- _The task_
Would you repeat the whole listing exactly, pictures excluded?

- _Data_
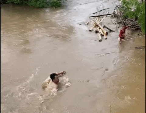 Trong đoạn clip, nam thanh niên mình trần khi thấy bé gái đang cố gắng bám víu vào cành tre giữa dòng nước xiết, đã vội nhảy xuống cứu giúp. Khi tiếp cận được, anh cõng đứa trẻ trên lưng rồi đưa vào bờ.
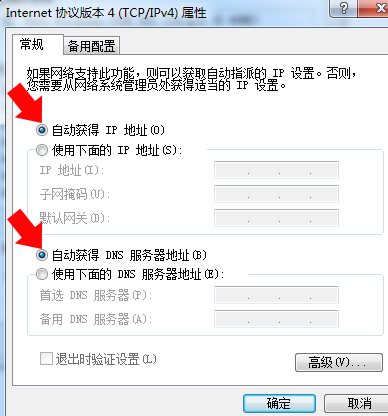 5、勾选自动获得IP和自动获得DNS,如下图:
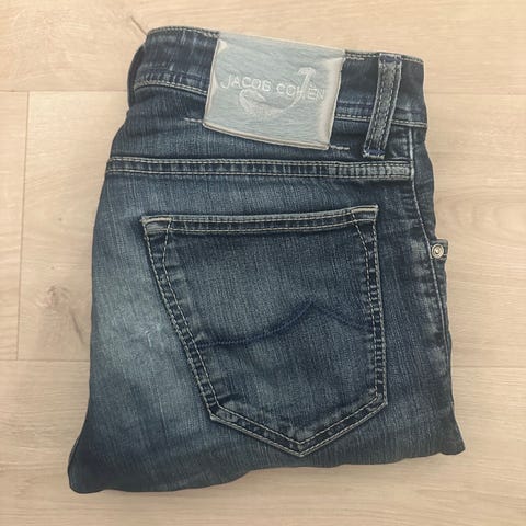 Selger en ekte og eksklusiv Jacob Cohen jeans i en nydelig lys vask. Buksen er veldig pent brukt og fremstår som strøken – ingen slitasje eller skader.

- _Response to the task_
 Trong đoạn clip, nam thanh niên mình trần khi thấy bé gái đang cố gắng bám víu vào cành tre giữa dòng nước xiết, đã vội nhảy xuống cứu giúp. Khi tiếp cận được, anh cõng đứa trẻ trên lưng rồi đưa vào bờ.
 5、勾选自动获得IP和自动获得DNS,如下图:
 Selger en ekte og eksklusiv Jacob Cohen jeans i en nydelig lys vask. Buksen er veldig pent brukt og fremstår som strøken – ingen slitasje eller skader.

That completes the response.